ほうれん草、小松菜、ピーマン、ニンジン、どれもこれも栄養があります。でも、野菜嫌いの子にとっては苦痛な食べ物です。パン、うどん、フライドポテトなど好きなものばかり欲しがります。
野菜を食べてもらうには、どうしたらよいのでしょうか。
大人は「栄養のバランスを考えて」「ダイエットのため」と野菜を意識して摂る人も多いです。でも、この世に生まれてまだ数年の子どもには、なかなか目的意識が持てません。苦かったり、味がなかったりする野菜を食べたくはありません。
『「テキトー母さん」流子育てのコツ』の著者の立石美津子が、子どもが野菜嫌いになる理由や、対処法と注意点についてお話しします。
野菜嫌いな子が多い理由
味には五原味があります。
- 甘味…エネルギー源として生きるために必要で、人間が好みます
- 塩味…身体の塩分バランスを保つため、自然に欲しくなります
- うまみ…タンパク質の味で身体を作るもの。これも上記と同様です
- 酸味…酸っぱい、腐敗のサイン、腐っている、危ないと感じる
- 苦味…毒である、恐怖を感じる
1~3は、身体に必要なものとして「美味しい」と感じるようにできています。
けれども、4、5は積極的に摂るように脳でシステム化されておらず、むしろ生物界では生存を脅かすものとして、拒否する傾向にあるそうです。
野菜(特に葉物野菜)は苦味があり、嫌いな子どもが多いです。繊維も多いので食感もモソモソして、いつまでも口の中に残ります。水分がなくなり飲み込めず、悪戦苦闘します。
こんなときは、次のように調理法を工夫しましょう。
- 片栗粉や葛粉でとろみをつけ、飲み込みやすくする。
- 濃い味にならない程度に甘味、塩味を付ける。
- 繊維に沿って切るのではなく、繊維を断ち切るような切り方にする。
また「たくさん食べてほしい」と多く盛りつけがちですが、苦手な食材なのですから、まずは少量からにしましょう。
嫌いな食べ物を口に無理やり押し込まれたら…
さて、嫌いな食べ物を無理矢理口に入れられたらどう思うでしょうか?
「オエッ!」となってしまい、食事時間が物凄く苦痛になりますよね。
そこで、たとえばニンジンが嫌いな場合、子どもにわからないように細かく刻んでハンバーグに入れても、嫌いなものに対して舌が敏感になっていますので、すぐにバレてしまいます。
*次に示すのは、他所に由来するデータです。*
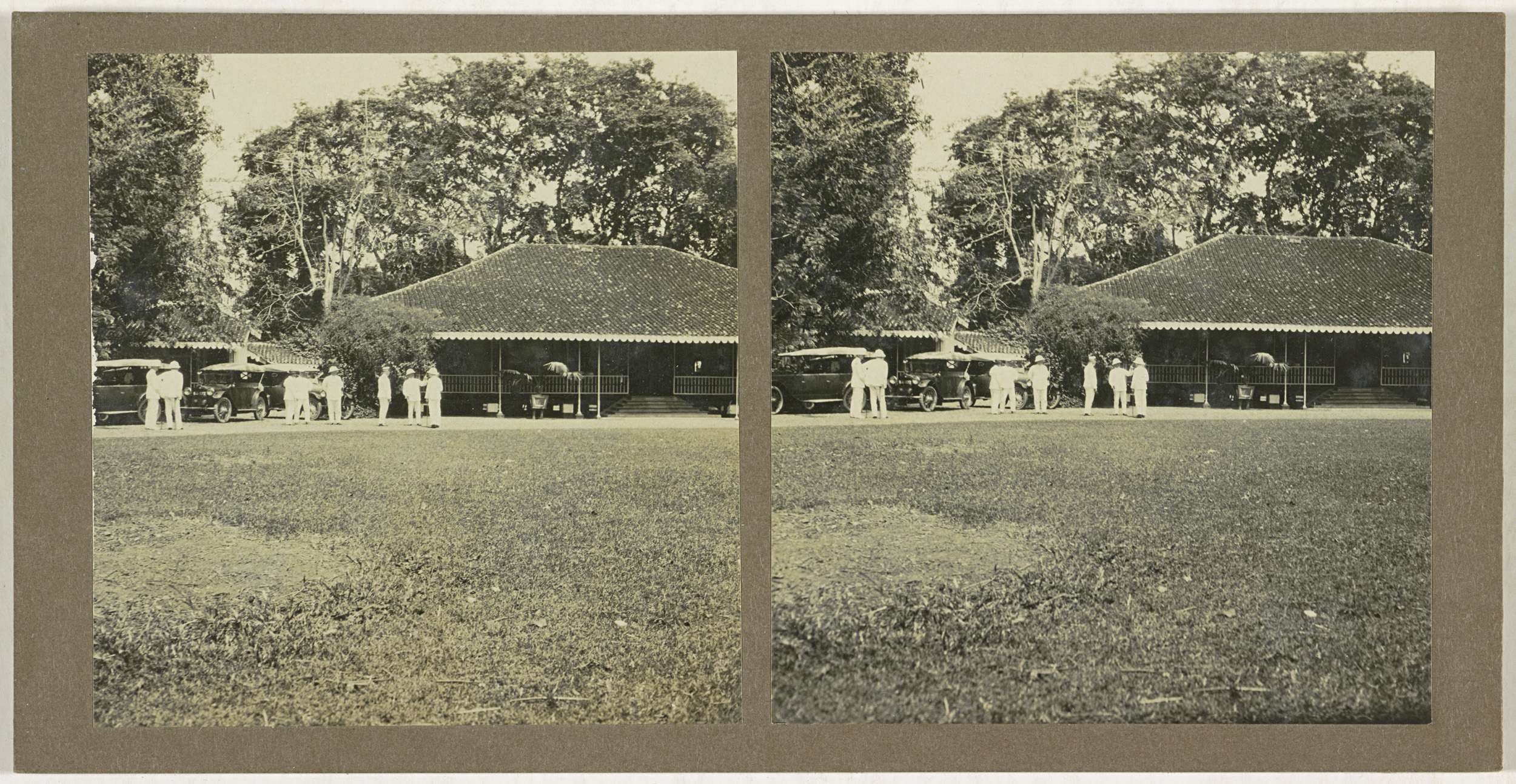 Landhuis met daarvoor enkele mannen en auto's, mogel...
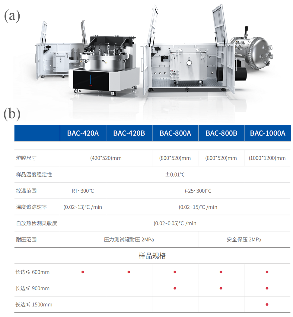 BAC-420A大型電池絕熱量熱儀0.01℃/min的自放熱檢測靈敏度及420*520mm的爐腔尺寸,讓實(shí)驗(yàn)室在面對能量密度與電芯尺寸均日益龐大的樣品時(shí)仍擁有極強(qiáng)的適應(yīng)性。

そうなると、ニンジンが入っていないハンバーグでも、「もしかしたら、嫌いなニンジがン隠されているかもしれない」と疑われてしまいます。
私は保育園で仕事をしていましたが、保育園の給食では「残さず食べよう」とか「お皿をピカピカにしよう」という方針のため、保育士が一生懸命子どもに食べさせています。
そんなとき、つい「何とか食べさせよう」という思いが募って、子どもの大好きな白いご飯の上にのせて口に入れたり、汁物の中に入れて一緒に飲ませたりしていた保育士もいましたが、これは良くないですね。自分がやられたら、嫌ですよね。